• [Data provided]:
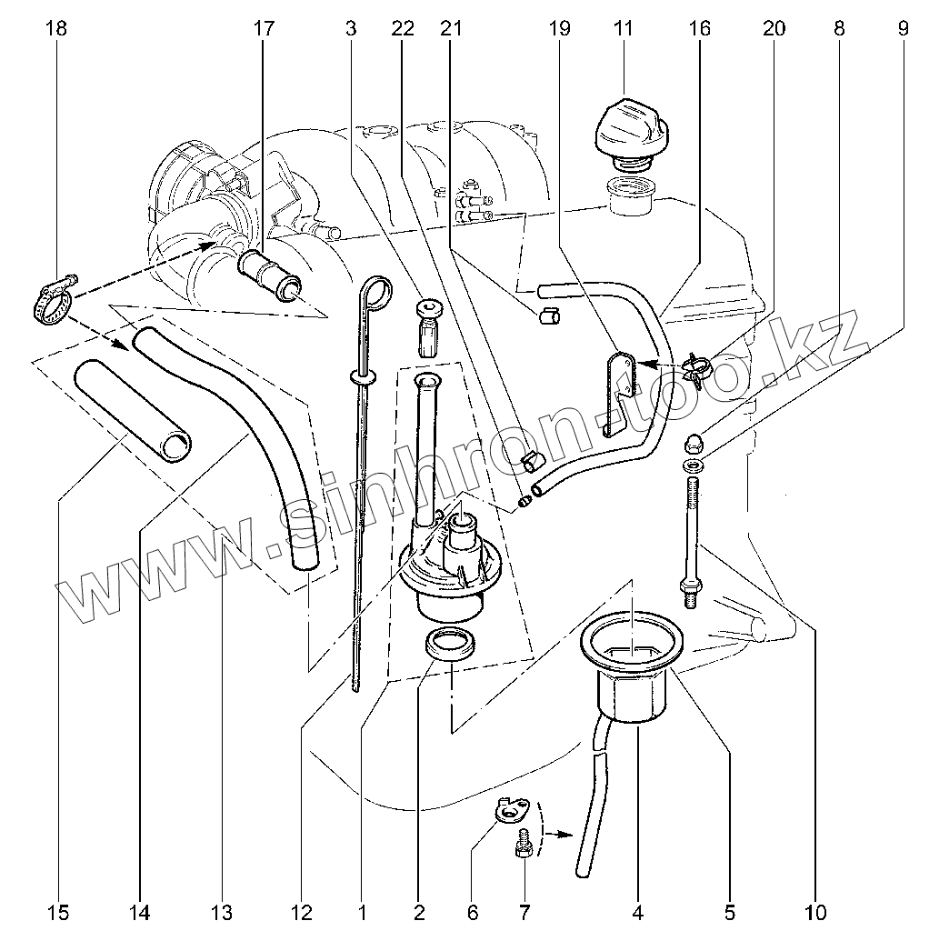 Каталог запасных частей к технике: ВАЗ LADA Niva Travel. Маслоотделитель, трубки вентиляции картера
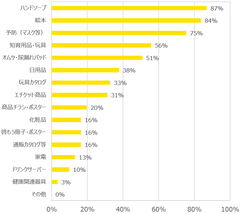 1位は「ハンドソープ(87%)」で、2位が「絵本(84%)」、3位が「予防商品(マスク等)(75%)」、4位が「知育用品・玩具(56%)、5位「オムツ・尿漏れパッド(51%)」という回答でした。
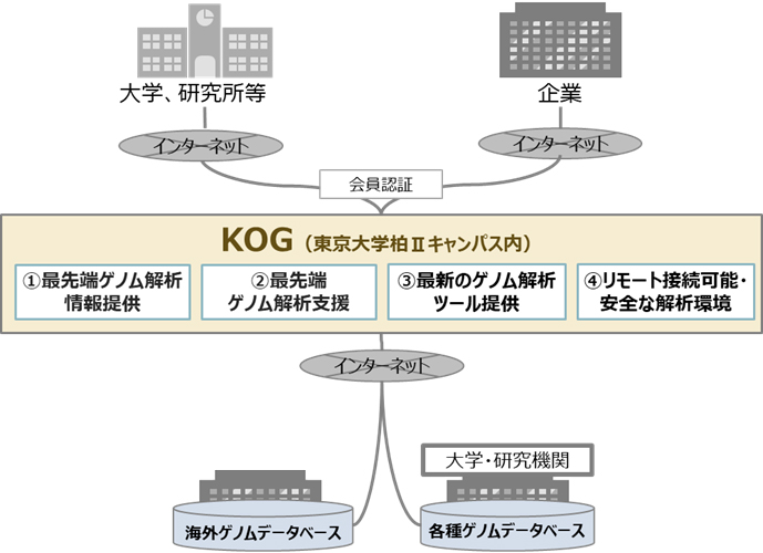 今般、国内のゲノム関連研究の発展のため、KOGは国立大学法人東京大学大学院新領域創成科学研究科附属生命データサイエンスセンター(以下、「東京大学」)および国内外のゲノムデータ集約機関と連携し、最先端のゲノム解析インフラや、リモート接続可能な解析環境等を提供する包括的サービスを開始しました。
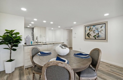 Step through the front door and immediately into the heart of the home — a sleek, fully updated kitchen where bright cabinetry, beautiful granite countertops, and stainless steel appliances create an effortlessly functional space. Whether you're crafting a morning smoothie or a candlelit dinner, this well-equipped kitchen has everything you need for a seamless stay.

• [Required work]: Transcribe each line above exactly, pictures excluded.

• [Answer box]:
 Каталог запасных частей к технике: ВАЗ LADA Niva Travel. Маслоотделитель, трубки вентиляции картера
 1位は「ハンドソープ(87%)」で、2位が「絵本(84%)」、3位が「予防商品(マスク等)(75%)」、4位が「知育用品・玩具(56%)、5位「オムツ・尿漏れパッド(51%)」という回答でした。
 今般、国内のゲノム関連研究の発展のため、KOGは国立大学法人東京大学大学院新領域創成科学研究科附属生命データサイエンスセンター(以下、「東京大学」)および国内外のゲノムデータ集約機関と連携し、最先端のゲノム解析インフラや、リモート接続可能な解析環境等を提供する包括的サービスを開始しました。
 Step through the front door and immediately into the heart of the home — a sleek, fully updated kitchen where bright cabinetry, beautiful granite countertops, and stainless steel appliances create an effortlessly functional space. Whether you're crafting a morning smoothie or a candlelit dinner, this well-equipped kitchen has everything you need for a seamless stay.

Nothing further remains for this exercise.